Exercise input:

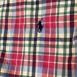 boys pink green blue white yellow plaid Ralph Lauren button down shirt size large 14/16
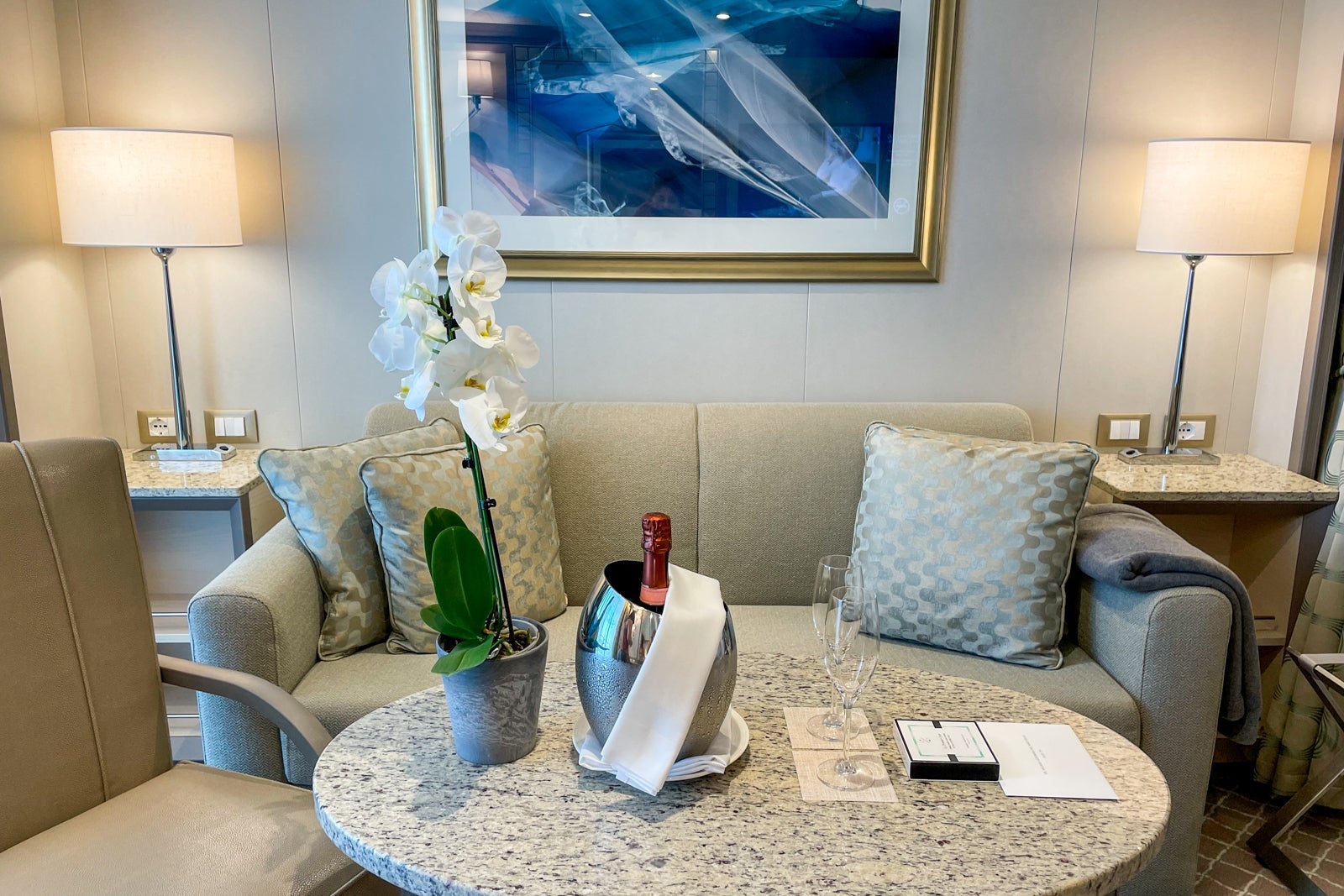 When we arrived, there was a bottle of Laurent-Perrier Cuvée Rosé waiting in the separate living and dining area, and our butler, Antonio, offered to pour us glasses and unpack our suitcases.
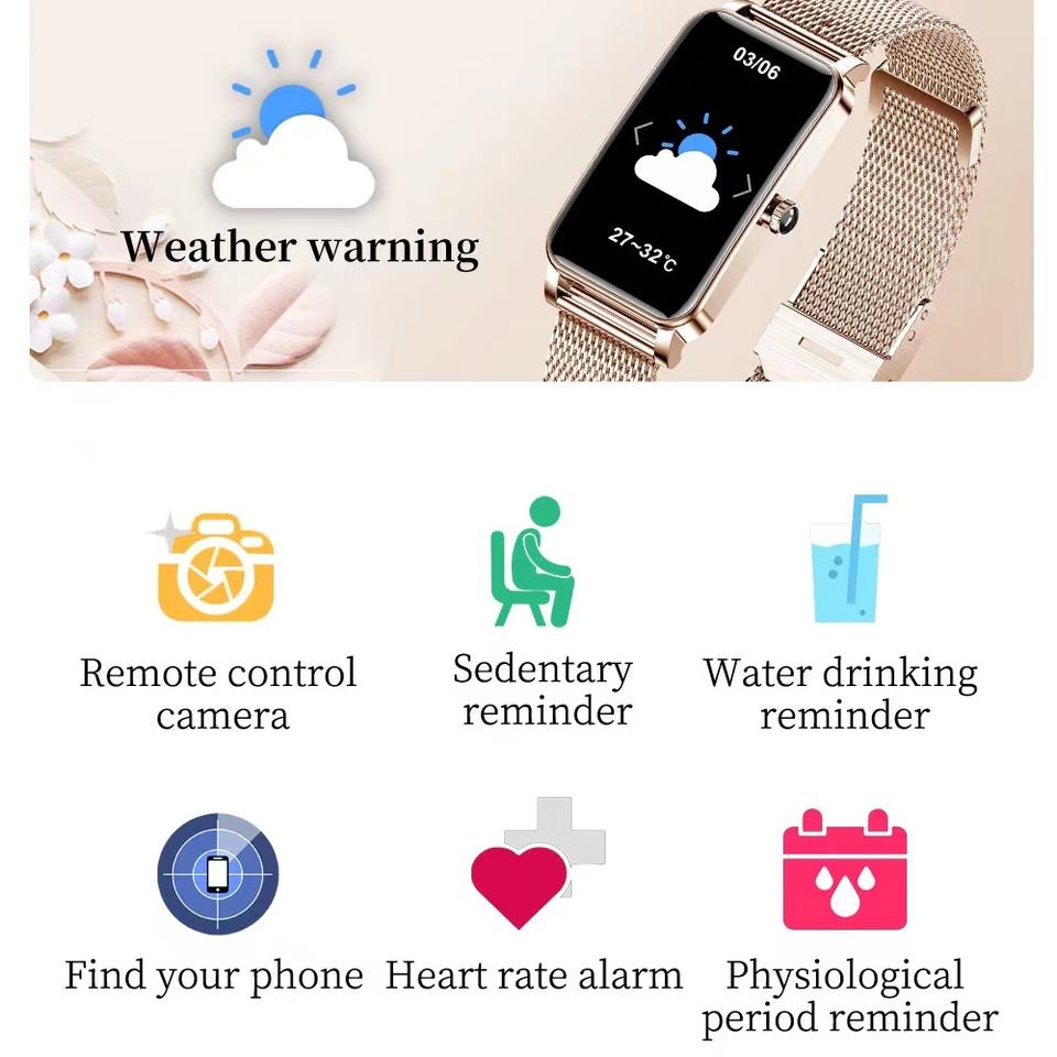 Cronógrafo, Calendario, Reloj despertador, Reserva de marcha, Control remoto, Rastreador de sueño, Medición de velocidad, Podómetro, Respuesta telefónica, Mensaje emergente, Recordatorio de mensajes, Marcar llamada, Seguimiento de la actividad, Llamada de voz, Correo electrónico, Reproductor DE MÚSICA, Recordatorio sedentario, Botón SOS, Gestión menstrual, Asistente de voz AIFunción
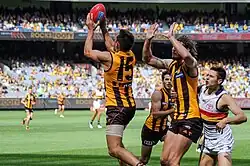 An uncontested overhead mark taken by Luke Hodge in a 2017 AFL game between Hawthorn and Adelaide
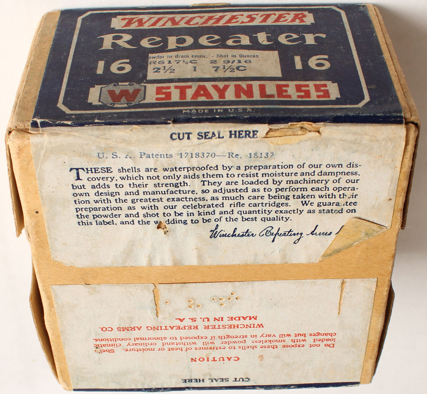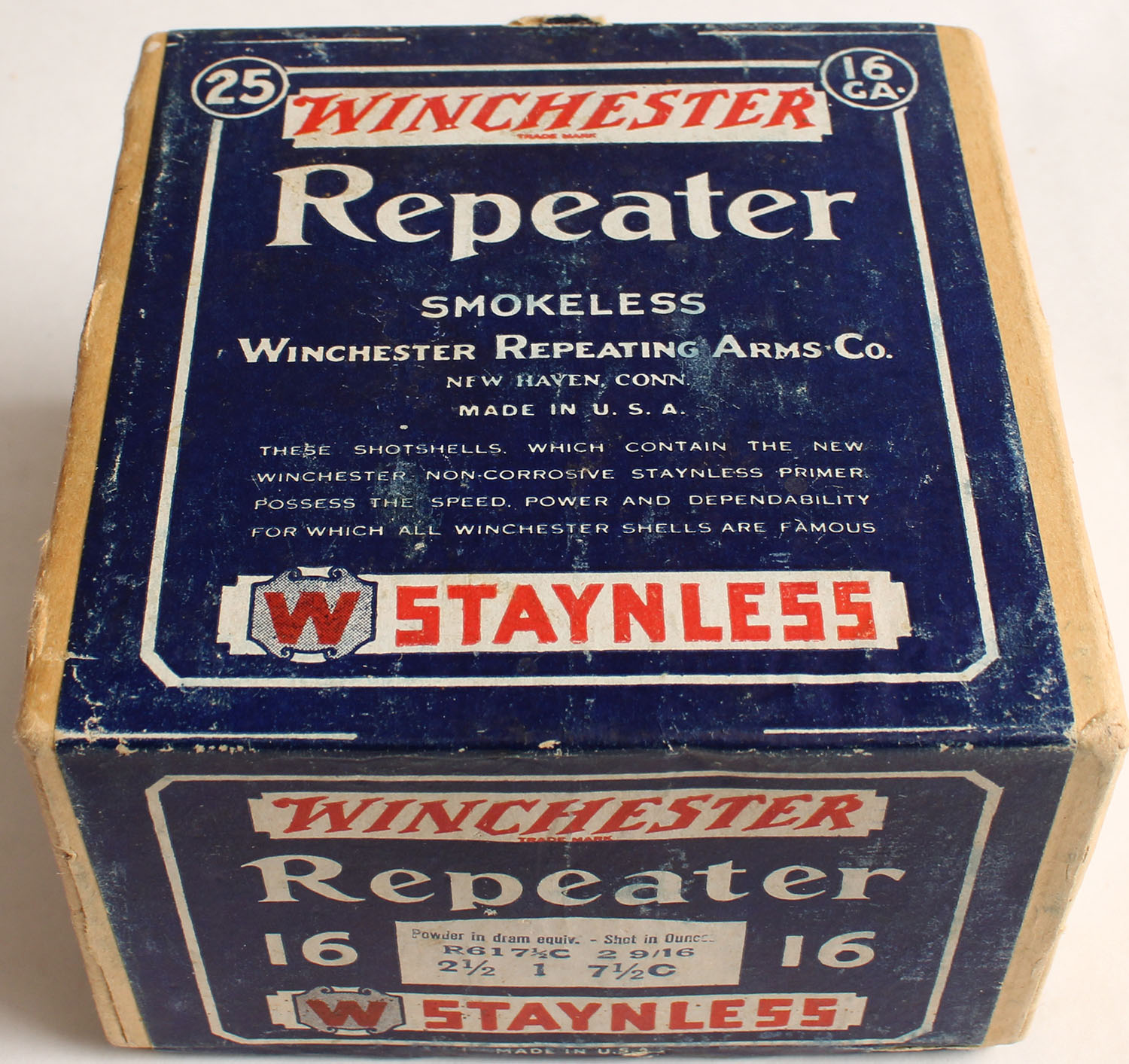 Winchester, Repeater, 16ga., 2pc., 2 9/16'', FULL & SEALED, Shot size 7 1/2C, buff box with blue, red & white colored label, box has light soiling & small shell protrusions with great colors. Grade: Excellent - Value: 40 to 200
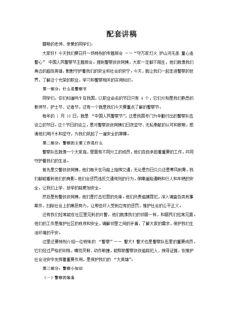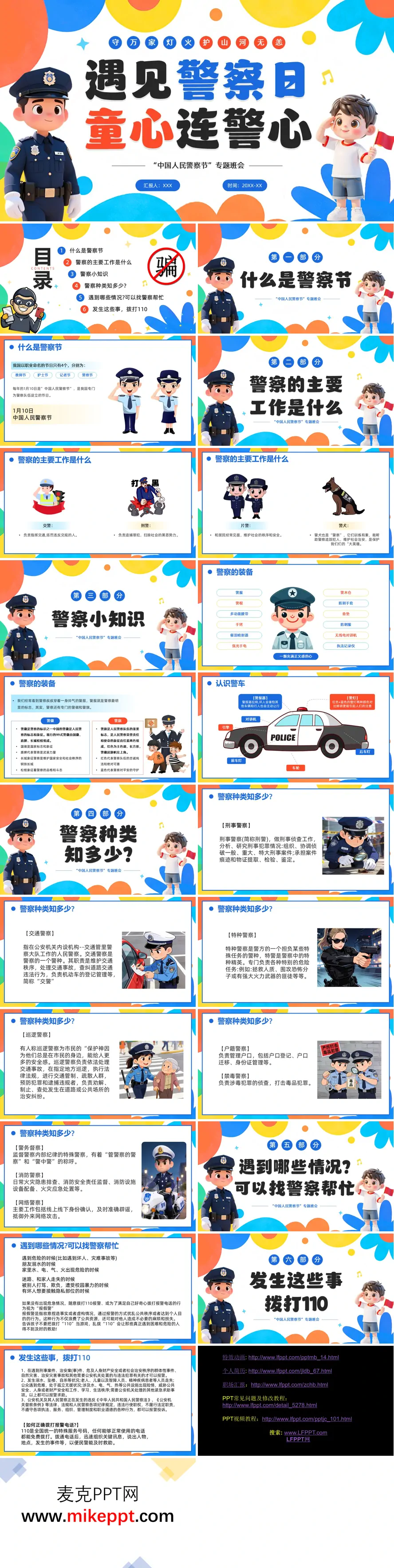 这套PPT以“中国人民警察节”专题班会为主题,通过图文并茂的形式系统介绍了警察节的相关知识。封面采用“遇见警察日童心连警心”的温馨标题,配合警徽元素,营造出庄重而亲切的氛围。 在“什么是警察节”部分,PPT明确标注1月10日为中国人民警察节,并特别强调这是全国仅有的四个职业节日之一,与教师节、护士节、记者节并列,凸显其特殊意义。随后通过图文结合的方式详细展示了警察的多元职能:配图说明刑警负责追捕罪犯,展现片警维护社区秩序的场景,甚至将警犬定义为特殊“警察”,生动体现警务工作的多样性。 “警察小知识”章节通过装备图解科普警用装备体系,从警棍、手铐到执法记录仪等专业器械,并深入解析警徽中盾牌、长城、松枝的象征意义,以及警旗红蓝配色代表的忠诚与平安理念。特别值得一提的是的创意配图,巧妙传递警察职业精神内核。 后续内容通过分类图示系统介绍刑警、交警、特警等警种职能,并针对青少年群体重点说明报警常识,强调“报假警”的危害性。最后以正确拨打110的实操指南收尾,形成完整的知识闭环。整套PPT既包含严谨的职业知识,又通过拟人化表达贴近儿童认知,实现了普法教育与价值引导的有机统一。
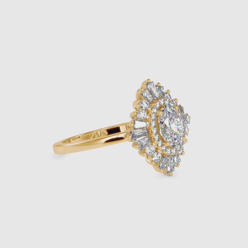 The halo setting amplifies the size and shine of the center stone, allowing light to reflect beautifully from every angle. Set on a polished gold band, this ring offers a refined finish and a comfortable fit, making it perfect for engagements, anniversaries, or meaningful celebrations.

Problem to solve: Emit the lines of the material exactly, from its first line to the line containing "An uncontested overhead", inclusive; leave every picture out.

Exercise output:
 boys pink green blue white yellow plaid Ralph Lauren button down shirt size large 14/16
 When we arrived, there was a bottle of Laurent-Perrier Cuvée Rosé waiting in the separate living and dining area, and our butler, Antonio, offered to pour us glasses and unpack our suitcases.
 Cronógrafo, Calendario, Reloj despertador, Reserva de marcha, Control remoto, Rastreador de sueño, Medición de velocidad, Podómetro, Respuesta telefónica, Mensaje emergente, Recordatorio de mensajes, Marcar llamada, Seguimiento de la actividad, Llamada de voz, Correo electrónico, Reproductor DE MÚSICA, Recordatorio sedentario, Botón SOS, Gestión menstrual, Asistente de voz AIFunción
 An uncontested overhead mark taken by Luke Hodge in a 2017 AFL game between Hawthorn and Adelaide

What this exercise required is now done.